Historical population
| Census | Pop. | Note | %± |
| 1800 | 5,508 |  | — |
| 1810 | 4,837 |  | −12.2% |
| 1820 | 5,237 |  | 8.3% |
| 1830 | 4,002 |  | −23.6% |
| 1840 | 4,300 |  | 7.4% |
| 1850 | 3,486 |  | −18.9% |
| 1860 | 3,676 |  | 5.5% |
| 1870 | 3,795 |  | 3.2% |
| 1880 | 4,482 |  | 18.1% |
| 1890 | 4,587 |  | 2.3% |
| 1900 | 5,595 |  | 22.0% |
| 1910 | 6,538 |  | 16.9% |
| 1920 | 6,389 |  | −2.3% |
| 1930 | 8,137 |  | 27.4% |
| 1940 | 7,191 |  | −11.6% |
| 1950 | 6,296 |  | −12.4% |
| 1960 | 5,335 |  | −15.3% |
| 1970 | 5,192 |  | −2.7% |
| 1980 | 5,860 |  | 12.9% |
| 1990 | 4,799 |  | −18.1% |
| 2000 | 5,048 |  | 5.2% |
| 2010 | 4,731 |  | −6.3% |
| 2020 | 4,209 |  | −11.0% |
| 2025 (est.) | 4,076 | Decrease | −3.2% |
U.S. Decennial Census 1790–1960 1900–1990 1990-2000 2010 2020

===Racial and ethnic composition===

Bath County, Virginia – Racial and ethnic composition Note: the US Census treats Hispanic/Latino as an ethnic category. This table excludes Latinos from the racial categories and assigns them to a separate category. Hispanics/Latinos may be of any race.
| Race / Ethnicity (NH = Non-Hispanic) | Pop 1980 | Pop 1990 | Pop 2000 | Pop 2010 | Pop 2020 | % 1980 | % 1990 | % 2000 | % 2010 | % 2020 |
|---|---|---|---|---|---|---|---|---|---|---|
| White alone (NH) | 5,256 | 4,515 | 4,645 | 4,363 | 3,841 | 89.69% | 94.08% | 92.02% | 92.22% | 91.26% |
| Black or African American alone (NH) | 548 | 247 | 317 | 213 | 114 | 9.35% | 5.15% | 6.28% | 4.50% | 2.71% |
| Native American or Alaska Native alone (NH) | 1 | 2 | 11 | 5 | 3 | 0.02% | 0.04% | 0.22% | 0.11% | 0.07% |
| Asian alone (NH) | 10 | 8 | 19 | 7 | 17 | 0.17% | 0.17% | 0.38% | 0.15% | 0.40% |
| Native Hawaiian or Pacific Islander alone (NH) | x | x | 3 | 0 | 1 | x | x | 0.06% | 0.00% | 0.02% |
| Other race alone (NH) | 8 | 4 | 1 | 5 | 4 | 0.14% | 0.08% | 0.02% | 0.11% | 0.10% |
| Mixed race or Multiracial (NH) | x | x | 34 | 37 | 156 | x | x | 0.67% | 0.78% | 3.71% |
| Hispanic or Latino (any race) | 37 | 23 | 18 | 101 | 73 | 0.63% | 0.48% | 0.36% | 2.13% | 1.73% |
| Total | 5,860 | 4,799 | 5,048 | 4,731 | 4,209 | 100.00% | 100.00% | 100.00% | 100.00% | 100.00% |

===2020 census===
As of the 2020 census, the county had a population of 4,209. The median age was 51.1 years. 16.6% of residents were under the age of 18 and 27.0% of residents were 65 years of age or older. For every 100 females there were 99.6 males, and for every 100 females age 18 and over there were 99.9 males age 18 and over.

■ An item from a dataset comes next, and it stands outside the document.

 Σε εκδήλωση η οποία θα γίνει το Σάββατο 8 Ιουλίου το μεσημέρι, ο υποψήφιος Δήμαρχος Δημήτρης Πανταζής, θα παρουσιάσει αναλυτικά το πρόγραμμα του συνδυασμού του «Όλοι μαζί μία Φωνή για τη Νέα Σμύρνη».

Racial and ethnic composition is shown above in the table.

0.0% of residents lived in urban areas, while 100.0% lived in rural areas.

There were 1,891 households in the county, of which 21.2% had children under the age of 18 living with them and 22.8% had a female householder with no spouse or partner present. About 32.4% of all households were made up of individuals and 16.1% had someone living alone who was 65 years of age or older.

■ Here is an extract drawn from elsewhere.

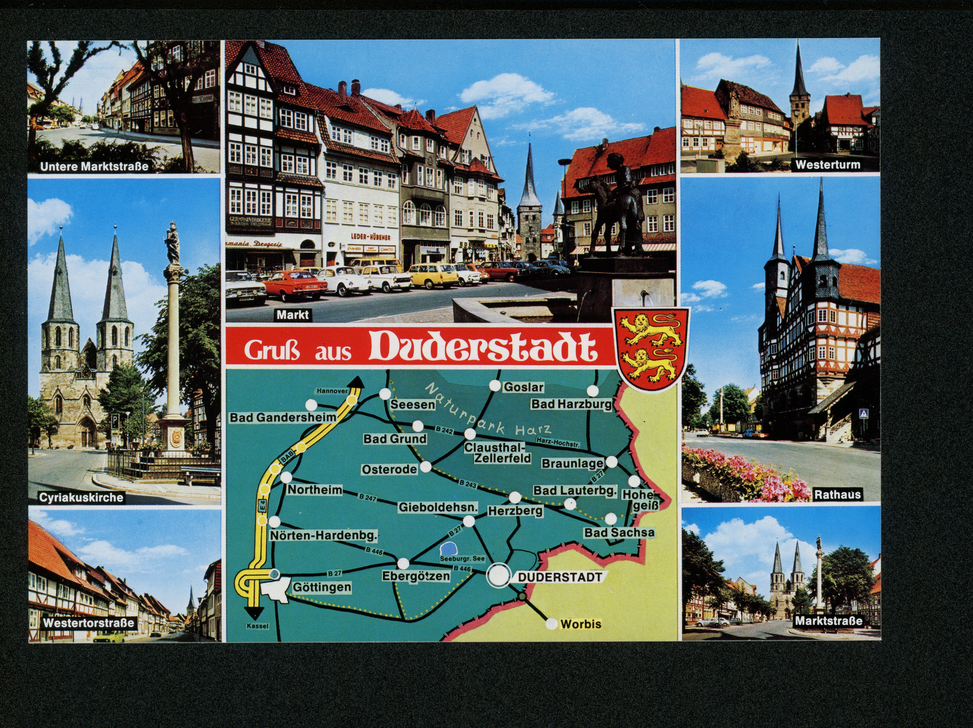 Ort Duderstadt Motive Untere Marktstraße Cyriakuskirche Westertorstraße Markt Westerturm Rathaus Marktstraße Landkarte Format groß Jahr 1989 Verlag Cramers Kunstanstalt, Dortmund Bestell- oder Individualnummer Dd 519 89/2 Tags Mariensäule

There were 3,239 housing units, of which 41.6% were vacant. Among occupied housing units, 76.6% were owner-occupied and 23.4% were renter-occupied. The homeowner vacancy rate was 2.7% and the rental vacancy rate was 13.6%.

===2000 Census===
As of the census of 2000, there were 5,048 people, 2,053 households, and 1,451 families residing in the county. The population density was 10 /mi2. There were 2,896 housing units at an average density of 5 /mi2. The racial makeup of the county was 92.29% White, 6.28% Black or African American, 0.22% Native American, 0.38% Asian, 0.06% Pacific Islander, 0.10% from other races, and 0.67% from two or more races. 0.36% of the population were Hispanic or Latino of any race.

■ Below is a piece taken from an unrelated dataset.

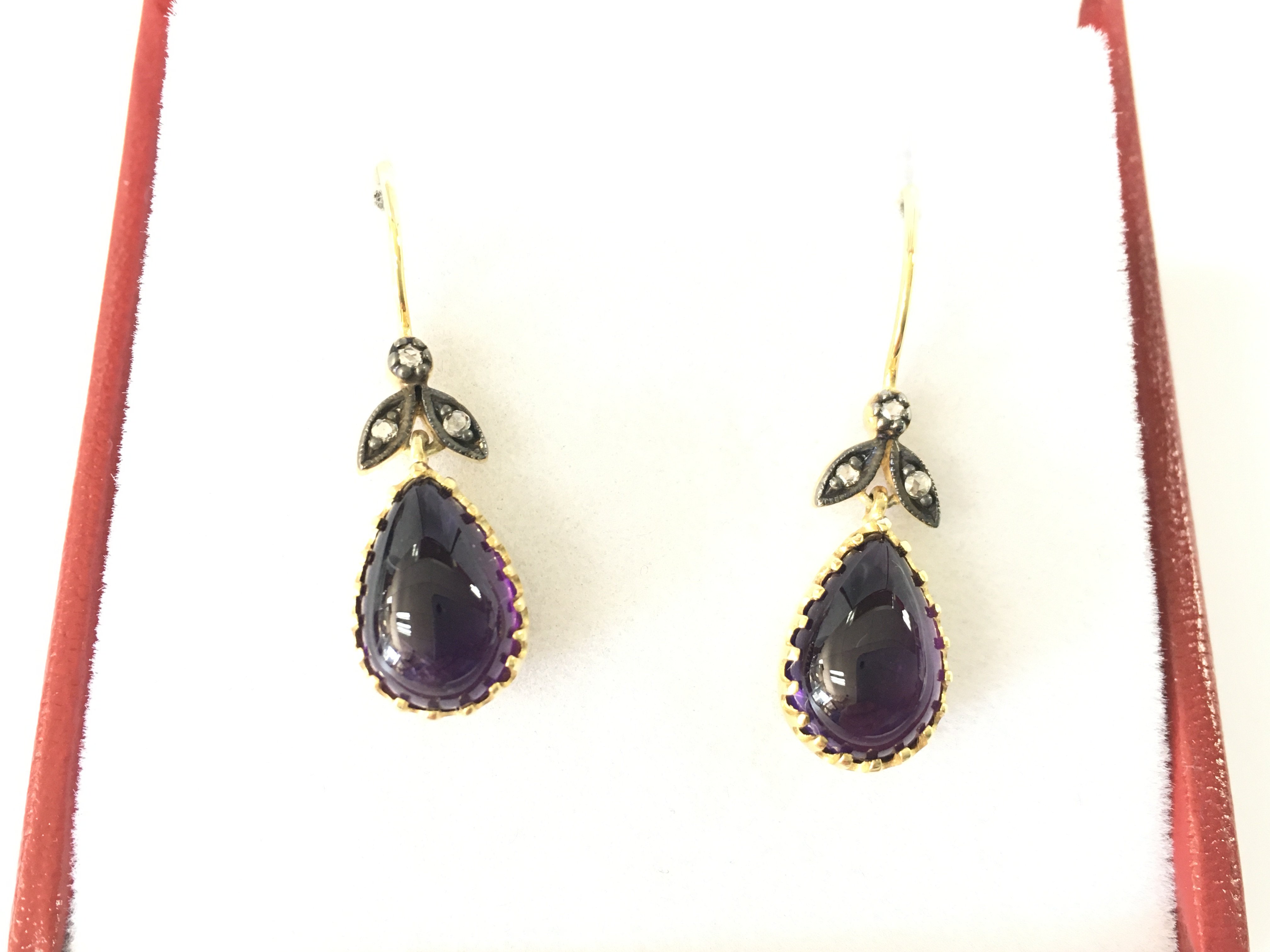 A pair of 9ct yellow gold and silver drop earrings set with oval cabochon amethyst with rose cut diamond set bales. Amethyst 2.80ct approx and 0.06ct diamond.

There were 2,053 households, out of which 28.00% had children under the age of 18 living with them, 58.60% were married couples living together, 7.80% had a female householder with no husband present, and 29.30% were non-families. 26.30% of all households were made up of individuals, and 12.10% had someone living alone who was 65 years of age or older. The average household size was 2.34 and the average family size was 2.80.

In the county, the population was spread out, with 21.00% under the age of 18, 5.50% from 18 to 24, 28.20% from 25 to 44, 28.50% from 45 to 64, and 16.70% who were 65 years of age or older. The median age was 42 years. For every 100 females there were 100.60 males. For every 100 females aged 18 and over, there were 99.20 males.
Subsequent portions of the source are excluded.